* [PROBLEM REQUIREMENTS] Begin with the line below holding "Красочные цветы, настенные" and go on through the line holding "Home / Shop", duplicating each line exactly and leaving out pictures.
═══ DATA LISTING
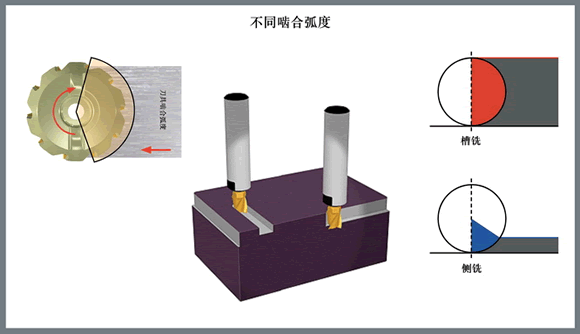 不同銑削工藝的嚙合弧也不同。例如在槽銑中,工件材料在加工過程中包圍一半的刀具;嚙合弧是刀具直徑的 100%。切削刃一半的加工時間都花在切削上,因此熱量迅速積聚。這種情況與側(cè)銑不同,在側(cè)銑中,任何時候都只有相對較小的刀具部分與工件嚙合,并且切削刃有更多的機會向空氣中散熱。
══════
═══ DATA LISTING
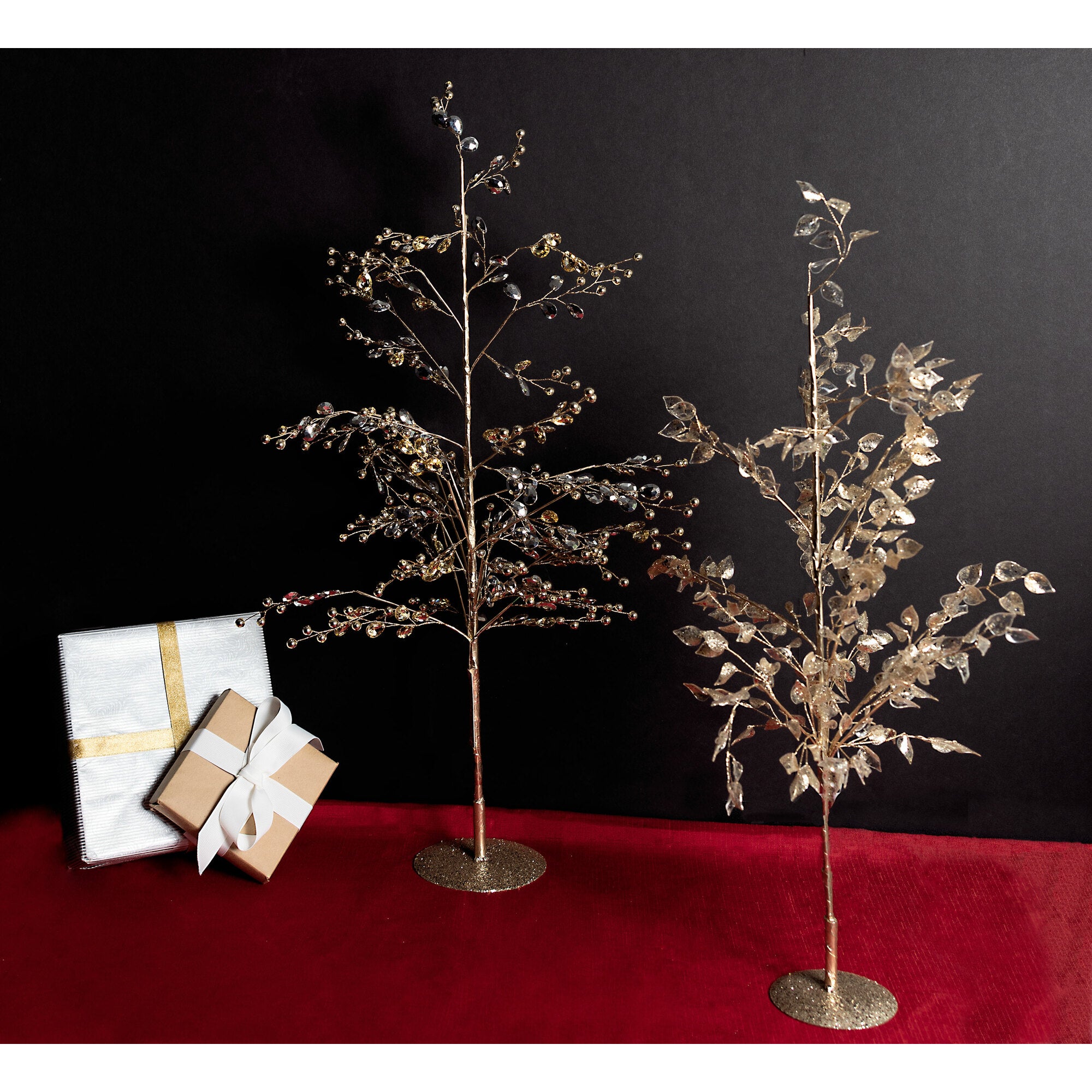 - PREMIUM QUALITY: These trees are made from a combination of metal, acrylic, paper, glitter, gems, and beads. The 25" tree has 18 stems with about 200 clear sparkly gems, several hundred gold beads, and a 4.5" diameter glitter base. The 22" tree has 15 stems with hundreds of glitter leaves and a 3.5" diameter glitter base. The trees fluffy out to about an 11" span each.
══════
═══ DATA LISTING
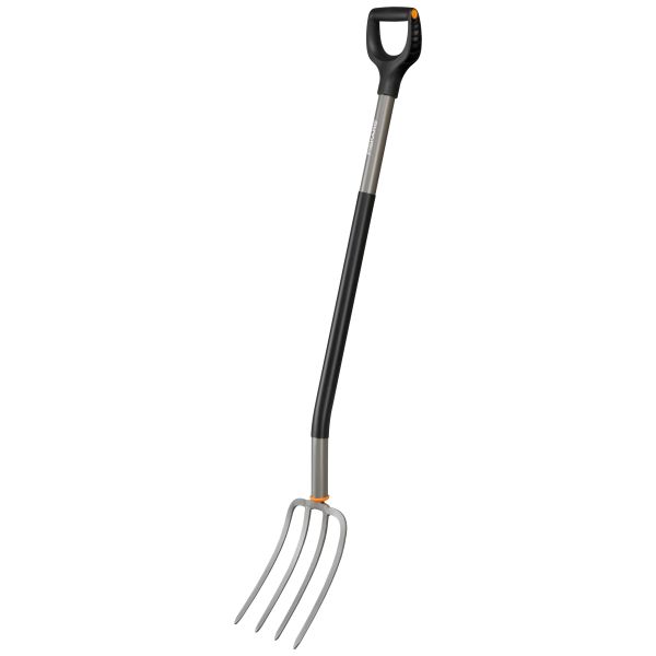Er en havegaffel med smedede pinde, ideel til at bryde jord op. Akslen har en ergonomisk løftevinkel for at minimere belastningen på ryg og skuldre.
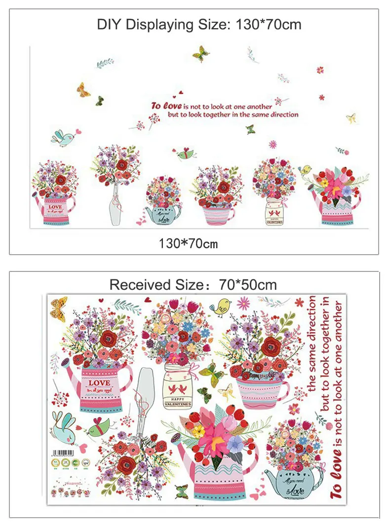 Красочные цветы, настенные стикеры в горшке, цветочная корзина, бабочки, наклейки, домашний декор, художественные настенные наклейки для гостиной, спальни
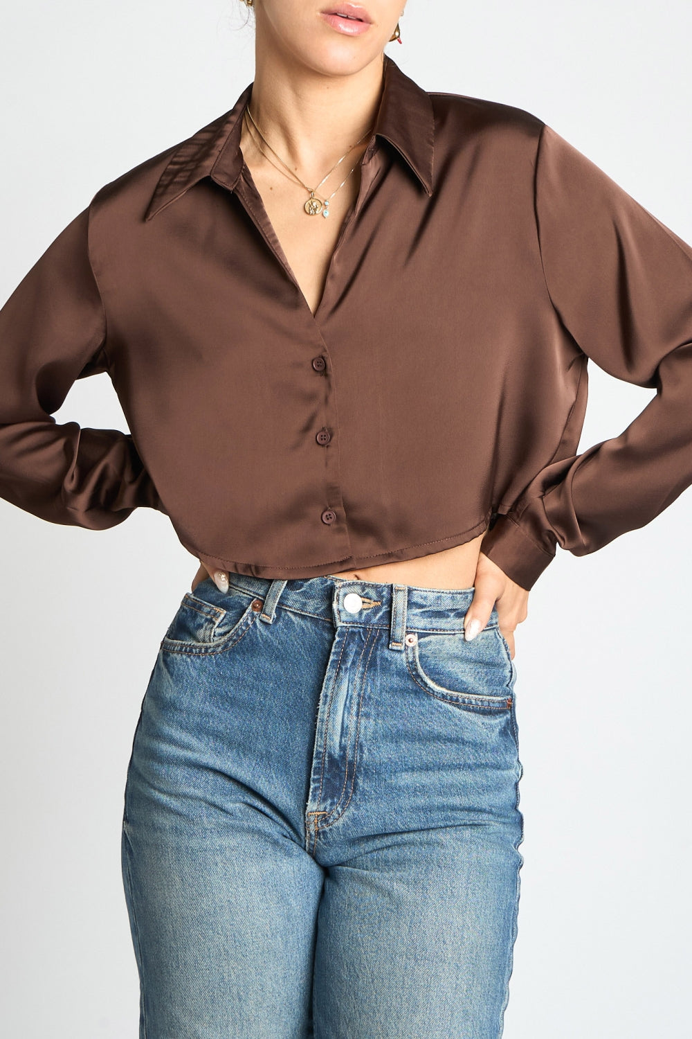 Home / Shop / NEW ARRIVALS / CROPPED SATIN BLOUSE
══════
* [TASK OUTPUT]
 Красочные цветы, настенные стикеры в горшке, цветочная корзина, бабочки, наклейки, домашний декор, художественные настенные наклейки для гостиной, спальни
 Home / Shop / NEW ARRIVALS / CROPPED SATIN BLOUSE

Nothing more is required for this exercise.